NNT is not made for decision support. It does not apply to individuals. Absolute risk estimates (separate for untreated and treated patients) are much more directly applicable to decision support.

This is related to the point above. Shared decision making needs to consider absolute risks (untreated, treated) or life expectancies (untreated, treated). The fact that some hypothetical group of “others” is out there is not relevant at the decision point.

I’d like us all work together on an optimum visualization that provides the data that are fed directly into decisions. In a second phase, a graphic that shows how to apply the first step to patient utilities to recommend the optimum decision would be another good goal IMHO.

As an informaticist, I think this would make an interesting project (i.e. a web-based interactive graphic). It could also be useful for visual abstracts, etc.

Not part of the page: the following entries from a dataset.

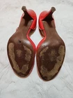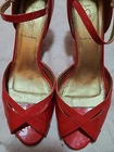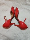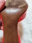 Nice condition women's J Crew coral patent faux leather strappy stiletto heels with ankle straps. Some wear to insoles at the creases, and on heels. Chip on right heel, see pics.
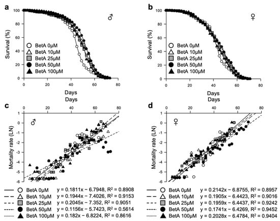Effect of BetA on the lifespan of fruit flies. (a,b) Effect of BetA on the lifespan of males (a) and females (b). (c,d) Mortality curves of male (c) or female (d) flies supplemented with control or BetA. The natural log of the mortality rate was plotted using the Gompertz mortality model. BetA: Betulinic acid.
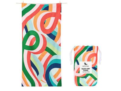 Das Dock & Bay Beach Towel XL Fruit Loops bringt frischen Schwung an den Strand: Mit seinem auffälligen Muster aus geschwungenen, farbenfrohen Loops setzt dieses Tuch ein klares Design-Statement. Die Kombination aus leuchtenden Farben und organischen Formen verleiht dem Strandtuch eine moderne, fröhliche Ausstrahlung – ideal für alle, die es bunt und individuell mögen.
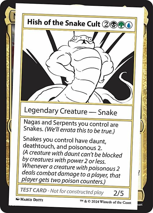 Snakes you control have daunt, deathtouch, and poisonous 2. (A creature with daunt can't be blocked by creatures with power 2 or less. Whenever a creature with poisonous 2 deals combat damage to a player, that player gets two poison counters.)
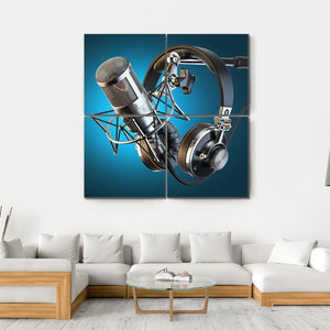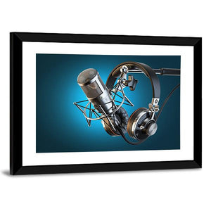 This striking canvas art features a studio microphone mounted on a shock mount alongside over-ear headphones. The professional and creative vibe makes it a fitting addition for music enthusiasts and modern decor lovers alike.
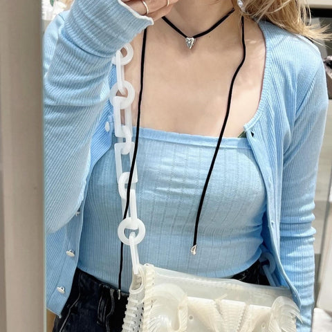 ジグリー メタル ハート ベルベット タイ ネックレス
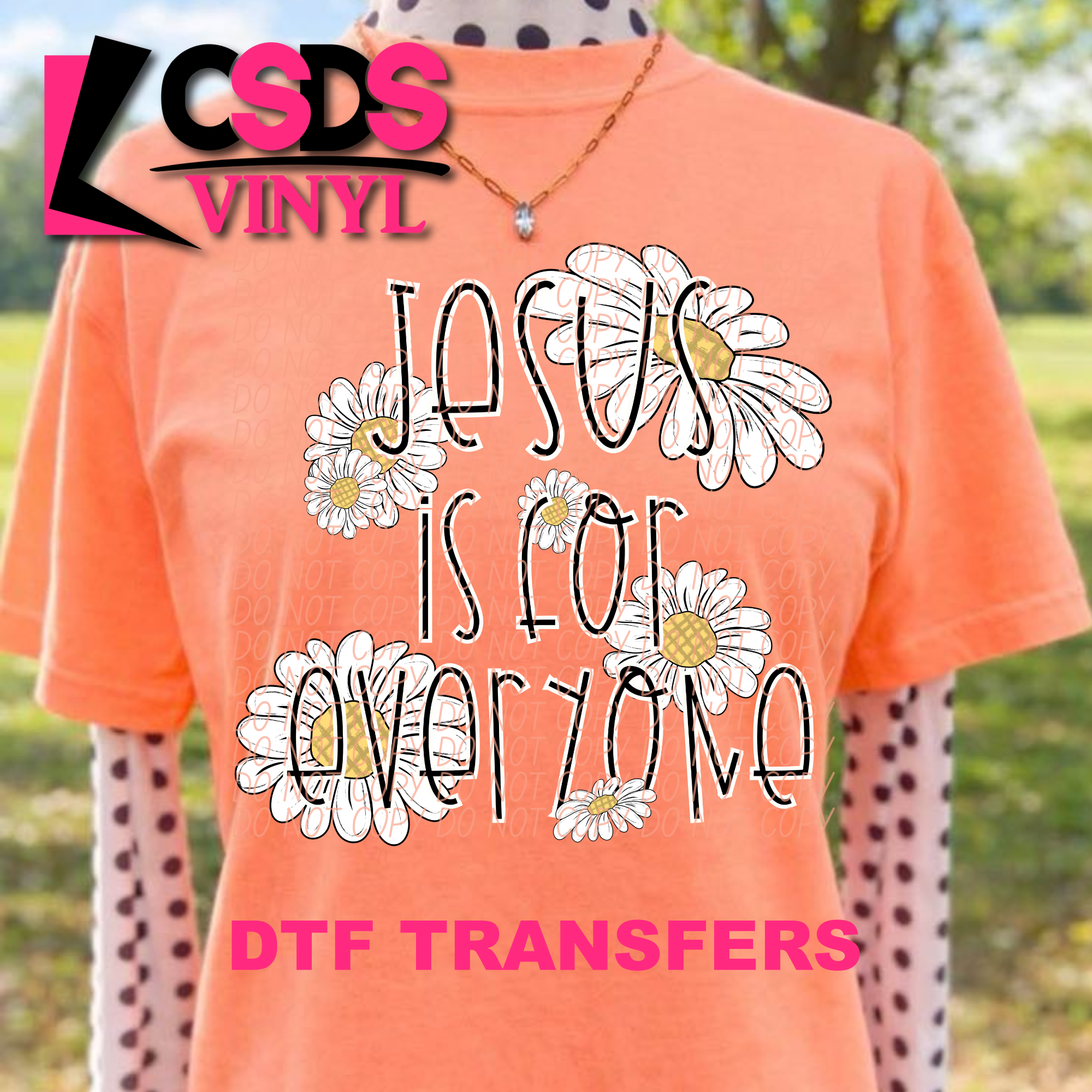DTF transfers are a type of garment transfer that has been printed using a water-based DTF ink printed onto a clear release paper. This allows the end user the flexibility of when the transfer is applied and what the transfer is applied to. DTF transfers can be made in single color or full color images. Keep in mind that full color transfers will feel slightly thicker than single color transfers simply because more ink is used to create the transfer itself but we do pride ourselves with having some of the thinnest full color DTF transfers on the market. DTF transfers from CSDS Vinyl can be applied to any cotton, polyester, or cotton-poly blend materials.
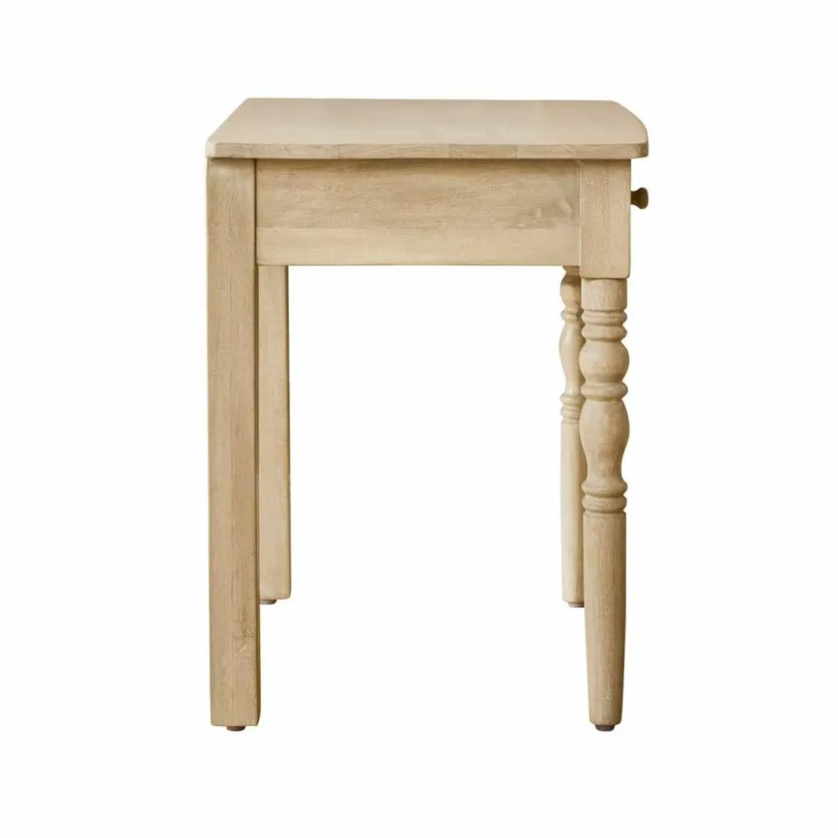 Dieser Kinderschreibtisch vereint Funktionalität und Design auf eindrucksvolle Weise. Aus hochwertigem Mangoholz gefertigt und mit einem zarten Antikgrau-Finish versehen, bringt er einen Hauch von Vintage-Flair in jeden Raum. Die liebevoll gedrechselten Beine zeugen von klassischer Handwerkskunst und verleihen dem Möbelstück eine stilvolle Optik. Eine geräumige Schublade bietet Platz für alle wichtigen Utensilien, sei es für kreative Bastelstunden oder die ersten Hausaufgaben. Ideal für das Kinderzimmer, fügt sich der Schreibtisch dank seines schlichten und dennoch ausdrucksstarken Designs harmonisch in verschiedenste Einrichtungsstile ein.
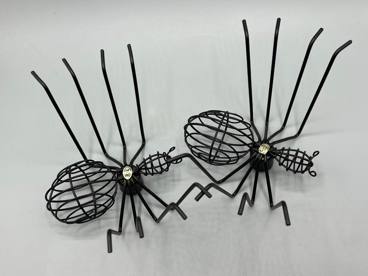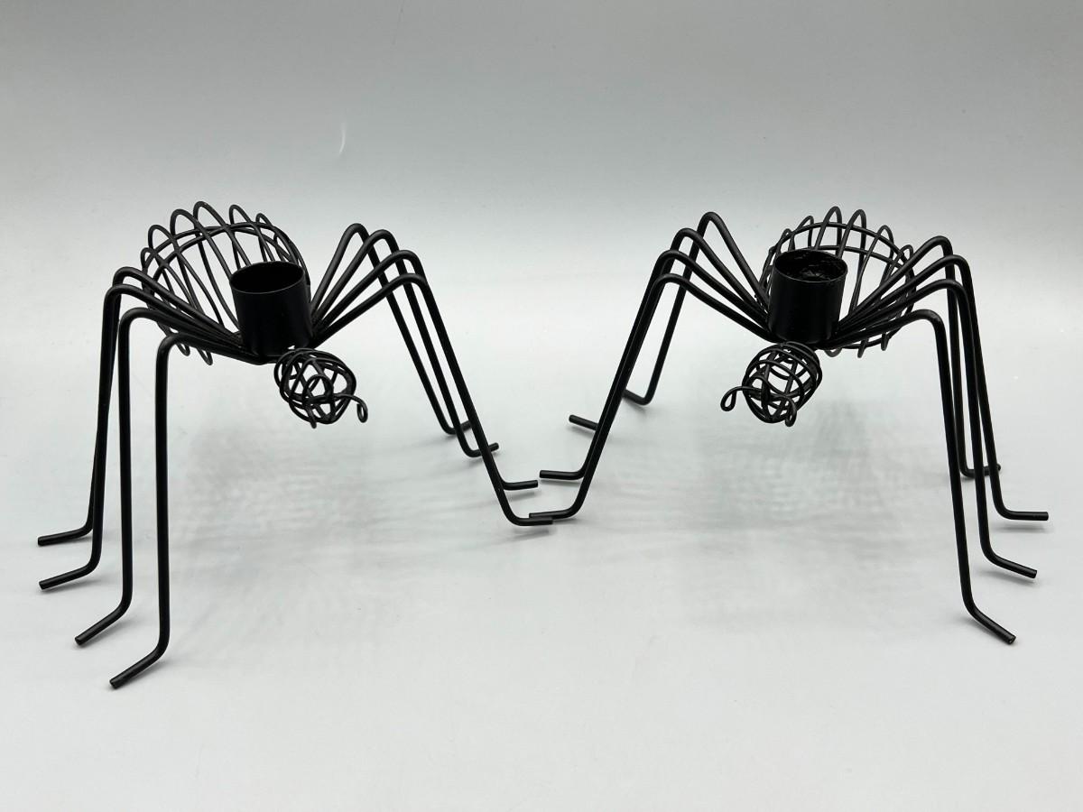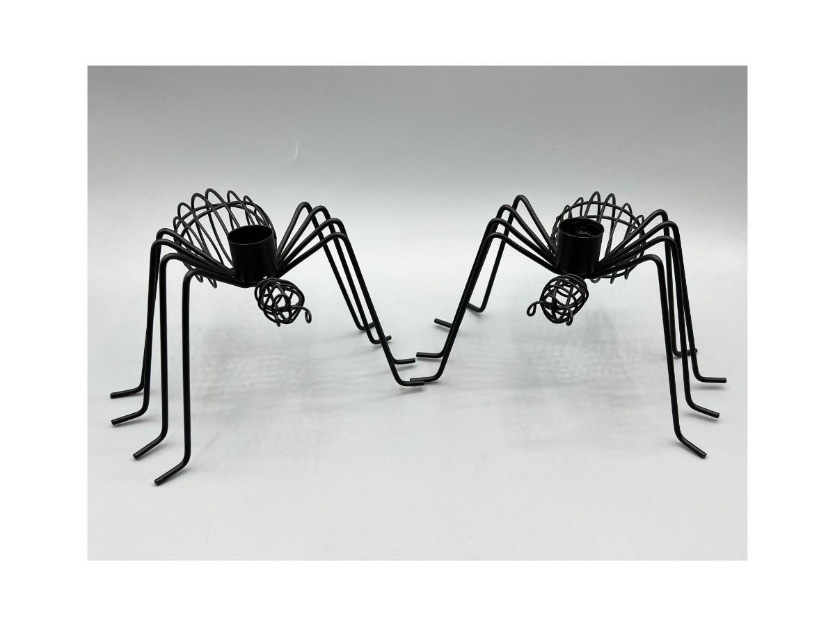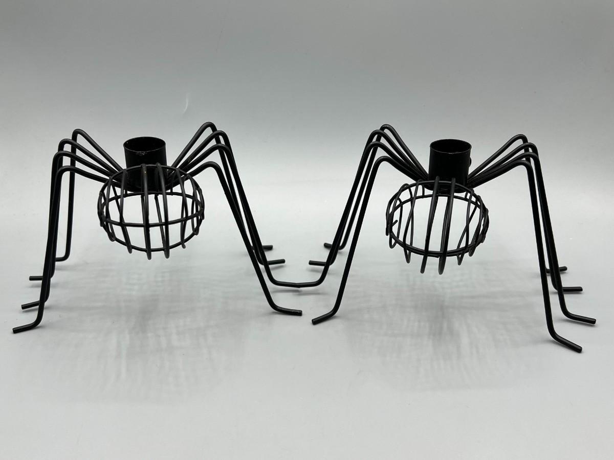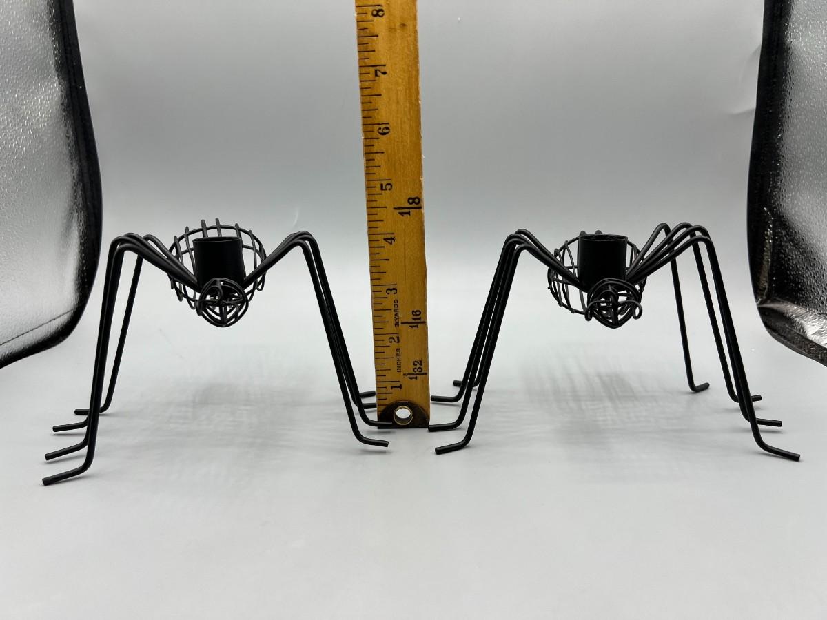 Pair of Black Metal Spider Small Candle Halloween Spooky Creepy Decor, there is no significant damage to the metal and is in good displayable condition. Check pictures for more details and for sizing.
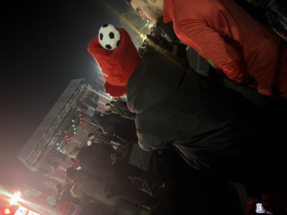 A night scene features a crowd gathered for a performance or event. A large stage with lighting rigs and branding is visible. In the foreground, a person wears a red hat with a soccer ball perched on top. Another individual in a red shirt stands nearby. The crowd seems densely packed, illuminated by stage lights and phone screens. The overall atmosphere is festive, with a focus on the event taking place on stage.
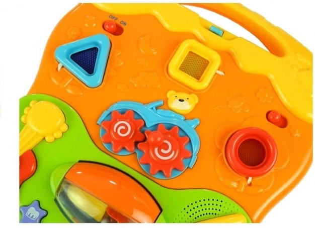 Na panelu dziecko odkryje świecące gwiazdki z dźwiękami (skrzypce, trąbka, bębenek), małą klawiaturę do pierwszych melodii, obrotowe kółeczka, przesuwane elementy i przyciski. Naciśnięcie kilku elementów naraz uruchamia wspólną melodię, gitarka zapala kolorowe światła, a prawidłowo dopasowane kształty na sznureczkach nagradzają dziecko efektami – wszystko to wspiera rozwój małej motoryki, słuchu i koordynacji wzrokowej.
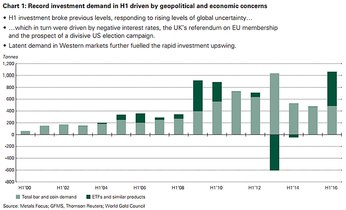 Beleggers kochten recordhoeveelheid goud in eerste helft 2016 (Bron: World Gold Council)
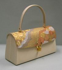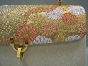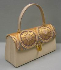 | 取手・本体 = 牛皮 かぶせ部分 = 西陣織 絹100% | ||
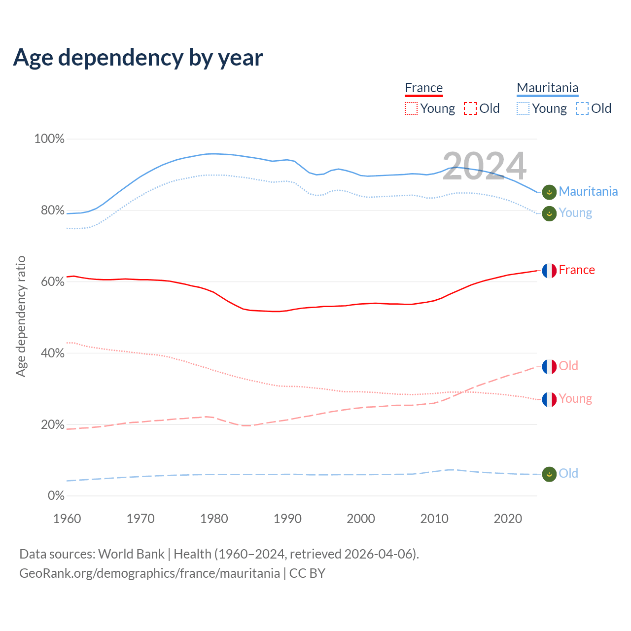 - France is ranked 29/196 by median age (oldest to youngest) vs 185/196 for Mauritania.

Presumably it would include ranged inputs for [baseline risks] [relative risk] and output [absolute risk].

Does anyone have suggestions or mock-ups for how it could look?

Thanks.

For a general audience I’d suggest sticking to only absolute risk. Note that a simple graph can be used to convert odds or hazards ratios and baseline risk to risk differences, as in this. Instead of that I propose that we find a way to present the two absolute risks, make the time frame apparent, and show the risk difference. To help in the communication it would be good to add some points of reference in separate rows of the display, e.g. risk of a 50 year old from the general population dying within 10 years whether or not he drives 100,000 miles. Relative treatment effects could be shown as footnotes.

For the decision analysis part, start with this paper.

David Spiegelhalter has written a lot about risk communication.

On further reflection I think your idea of making this interactive is a good one, because RCT reports only include crude average treatment effects on an absolute scale. Fortunately they provide relative effects for binary outcomes (these really need to be covariate adjusted; crude odds ratios will underestimate the conditional odds ratios). So the interactive component could ask for a patient’s baseline risk, showing as an example the average risk for patients enrolled in the trial, and compute the absolute risk with and without treatment.

Confidence limits for the published relative efficacy could also be factored in, resulting in a confidence interval for the predicted absolute risk for a treated patient, assuming no uncertainty in the baseline risk estimate.

@f2harrell I have a conference presentation coming up where I used shinydashboard and highcharts to do a quick and dirty version of this idea. Would love to hear your thoughts (and wish I thought to ask you sooner!). Basically used the OR outputs of a network meta-analysis to allow clinicians to enter local event rates + preferences as a decision aid. Plenty of limitations (some of those credible intervals are clearly not credible) but it’s an idea I hope to develop.

Wow Tim that is really cool.

I’d like to see a streamlined app that dealt with results of a single trial and with one clinical outcome.

Super cool @timdisher! I’d add to @f2harrell, that it would be really nice to have a general infrastructure which could be reused across individual trials and outcomes.

Thanks @venkmurthy and @f2harrell. Creating just the absolute probability plots with sliders for assumed baseline rates of a single outcome would be amazingly simple on a trial by trial basis but more difficult to have be general since I currently use mcmc draws to account for both baseline rate and model parameter uncertainty (while respective correlation between coefficients in the latter). For this to work and be correct/not have to make distributional assumptions about the posterior people would need to upload their mcmc matrix output.

@f2harrell In economic models we often will use cov matrix of the model if frequentist to draw from a pseudo posterior to assess parameter uncertainty but the purest in me hates this for obvious reasons. Can you think of a better solution?